« (...) Mesmo que a Inteligência Artificial venha a facilitar a compreensão interlinguística, é possível que as pessoas invistam mais na aprendizagem de línguas, de modo a ser capazes de compreender e usar a sua significância cultural, no trabalho e em interações linguísticas.»
Foi publicado a 14 de junho, pela OCDE, o estudo A procura de competências linguísticas no mercado de trabalho europeu: evidência a partir de anúncios de emprego online. O trabalho foi desenvolvido nos 27 países da UE e no Reino Unido (RU), com dados de 2021, e analisa os requisitos de competências linguísticas, com destaque para inglês, alemão, francês, espanhol e chinês. O documento merece leitura atenta, especialmente por parte dos decisores políticos em linguística e educação; aqui apenas poderei partilhar algumas informações de interesse geral.
Uma das principais conclusões é a de que a Europa continua a ser um mercado de trabalho linguisticamente diversificado e que quem procura emprego num determinado país tem de dominar a(s) língua(s) usada(s) nesse contexto. Em média, nos países da UE e no RU, mais de 10% dos anúncios requerem explicitamente competências em línguas que não a(s) do país; em França e na Alemanha, esses valores ascendem a 45% e 32%, respetivamente. Na Áustria, Bélgica, Dinamarca, Hungria, Itália, Países Baixos, Portugal e Suécia, mais de 15% dos anúncios requerem competências em pelo menos uma língua diferente daquela em que o anúncio é redigido.
Apesar da heterogeneidade linguística do mercado de trabalho europeu, o domínio do inglês confere vantagens aos trabalhadores, especialmente em empregos mais qualificados. Em média, excluindo Malta e Irlanda, 22% de todas as ofertas de emprego requerem conhecimento de inglês, explícita ou implicitamente (escrevendo em inglês); em França, são 48% dos anúncios. No que tange às demais línguas focadas, apenas 1 a 2% das ofertas de emprego as mencionam. Embora o inglês seja predominante, o documento realça que, apesar de esta língua estar a emergir como língua com potencial agregador do mercado de trabalho europeu, as línguas nacionais e locais continuam a desempenhar um papel importante: a maioria das ofertas de trabalho não são publicadas em inglês, mas nas línguas nacionais de cada país, e centenas de milhares de anúncios são escritos em línguas de âmbito regional, como o galês e o basco.
Portugal é o país cujos anúncios, em média, mais requerem competências em espanhol (quase 29%), seguido da Croácia (15%). Relativamente ao alemão e ao francês, as percentagens são, respetivamente, 4,2% e os 4%, sendo o país que mais requer o francês, ultrapassado pelo Luxemburgo.
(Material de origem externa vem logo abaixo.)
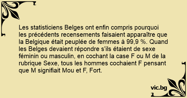 Les statisticiens Belges ont enfin compris pourquoi les précédents recensements faisaient apparaître que la Belgique était peuplée de femmes à 99,9 %. Quand les Belges devaient répondre s'ils étaient de sexe féminin ou masculin, en cochant la case F ou M de la rubrique Sexe, tous les hommes cochaient F pensant que M signifiait Mou et F, Fort.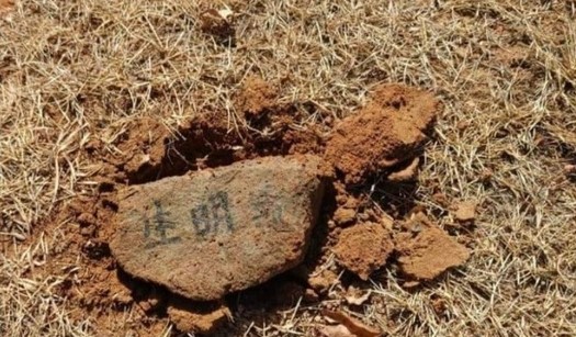 땅속에서 꺼낸 돌에는 붓으로 쓴듯한 생(生), 명(明) 등의 한자가 적혀 있습니다. 3시간 뒤에는 "의견을 들어보니, 일종의 흑주술로 무덤 사방의 혈 자리에 구멍을 파고 흉물 등을 묻는 의식"이라는 글을 추가했습니다.
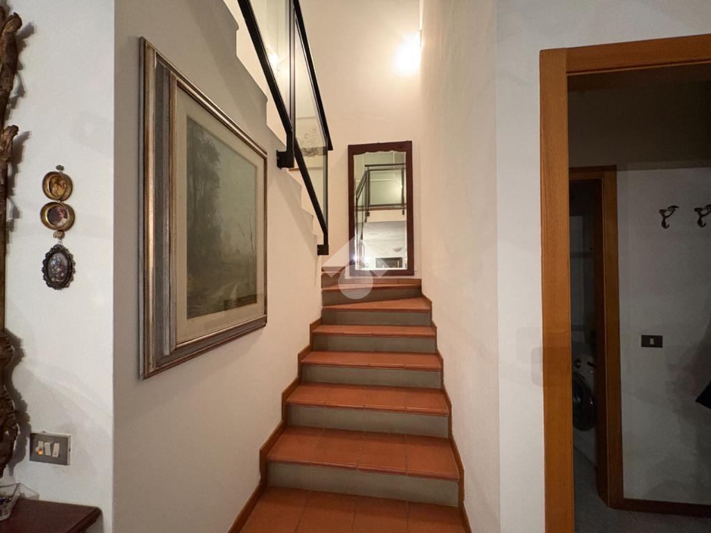 Salendo al piano superiore, si accede alla zona notte, composta da tre confortevoli camere da letto: la camera matrimoniale, spaziosa e luminosa, che dispone di un accesso diretto a un primo terrazzo privato; un'altra camera attualmente adibita a studio; e una terza camera più piccola. A completare il piano superiore un bagno dotato di box doccia. Il disimpegno della zona notte conduce a un secondo terrazzo, offrendo uno spazio esterno aggiuntivo e panoramico.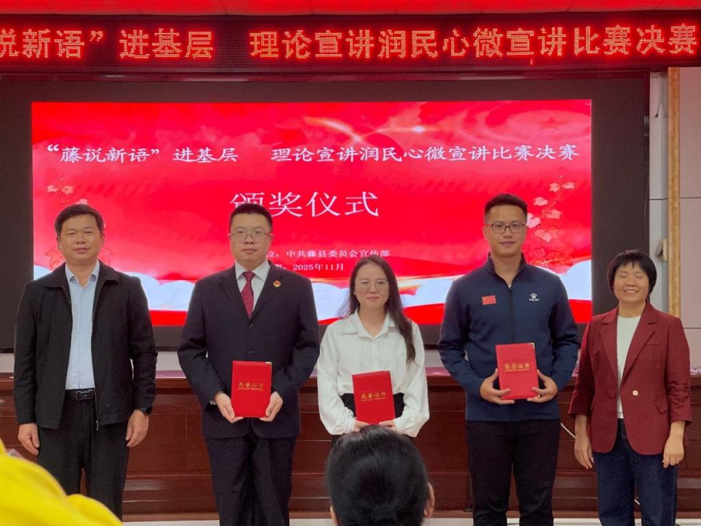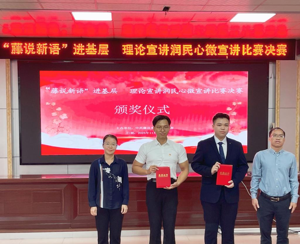 近日,在藤县党委宣传部主办的“藤说新语”进基层理论宣讲润民心微宣讲活动决赛中,我校派驻东荣镇坡头村第一书记郑子杰、杨垌村第一书记刘智炜,聚焦“体育+乡村振兴”主题,结合驻村实践分享深刻见解、讲述生动故事,凭借扎实的理论功底与鲜活的实践案例在赛场脱颖而出,分别荣获二等奖、三等奖,充分展现了我校驻村干部扎根基层、赋能振兴的专业素养与精神风貌。

Em contrapartida, o português é a penúltima língua requerida (entre 30, incluindo o chinês, o árabe e o russo), com menos de 0,1% de anúncios.
O estudo refere que as ferramentas de tradução reforçadas pela inteligência artificial (IA) poderão permitir a pessoas com competências linguísticas limitadas derrubar barreiras linguísticas e trabalhar em outros países, pelo menos em algumas ocupações. Os avanços tecnológicos deslocam as fronteiras do que os mediadores digitais são capazes de fazer e podem alterar o custo de oportunidade (i.e. o benefício potencial que um indivíduo, investidor ou homem de negócios perde quando opta por uma alternativa em vez de outra) da aquisição de competências linguísticas. Porém, mesmo que a IA venha a facilitar a compreensão interlinguística, é possível que as pessoas invistam mais na aprendizagem de línguas, de modo a ser capazes de compreender e usar a sua significância cultural, no trabalho e em interações linguísticas.
Dominar várias línguas vale a pena. E continuará a valer.
Artigo de opinião publicado no Diário de Notícias, em 26 de junho de 2023.